Через сетчатую ограду было хорошо видно пусковую площадку, каждую субботу отсюда в небо взлетали ракеты. И сейчас рассекая утренний туман, ввысь поднималась одна из них.
— Ты ведь полетишь на следующей? — приникая к ограде и наблюдая за исчезающей ракетой, спросила Лана.
— Да.
— Значит уже через неделю?
— Да.
Лана замолчала и пошла домой, они жили рядом, вот уже три месяца она приходила со своей сестрой к космодрому, и они вместе наблюдали за пуском ракет. Каждую субботу в тот же час и в ту же минуту становилось на одну ракету меньше. Три месяца назад Рэма была так счастлива, когда узнала, что она полетит. Она всегда мечтала о пламени и далеких звездах, на которые они иногда смотрели в редкие ясные ночи, выбравшись из дома. Но звезды были так далеки, и скоро так же далеко будет и Рэма.
Дни летели слишком быстро, слишком неуловимо. Если бы можно было замедлить ход времени, пока она не так далеко, пока можно еще прикоснутся, услышать смех и увидеть сияние в глазах такой же, как у звезд, проклятых далеких звезд которые отберут её.

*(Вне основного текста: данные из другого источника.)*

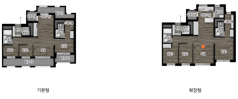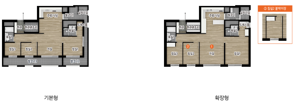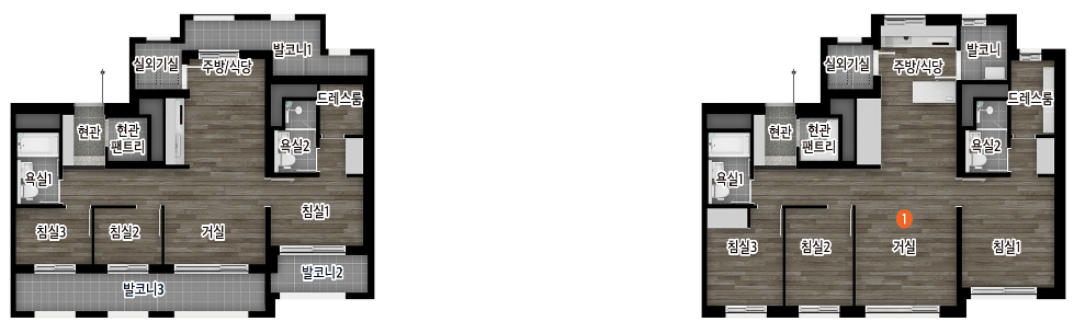 아일랜드형 주방배치, 안방 발코니, 드레스룸 확장을 통한 평면 특화구조

Лана лежала на кровати и смотрела на карту солнечной системы, которая была прикреплена к потолку. Даже тут в своей комнате, под крышей, не удавалось убежать от других планет, и в этом было ничего удивительного, ведь эта комната раньше принадлежала Рэма. На столе стоял ночник в форме луны, а еще был проектор, который показывал на стенах красочные, яркие картинки — Млечный путь, потом Галактика Андромеды и Треугольника рассыпались своим сиянием по стенам комнаты. Но сегодня впервые Лана решила спать без света. Она по-прежнему боялась темноты, но лучше тьма, чем вновь глядеть на эти звезды, пусть даже не настоящие. Бояться темноты не стыдно, особенно когда тебе одиннадцать лет, поэтому девочка укрылась одеялом с головой. Раздался стук, и от этого резкого звука, раздавшегося в ночной темноте, сердце Ланы испугано заколотилось. Стук повторился, но сердце переставало биться чаще, так стучалась только Рэма. Одеяло моментально полетело прочь, и девочка подбежала к двери, хоть она не была заперта.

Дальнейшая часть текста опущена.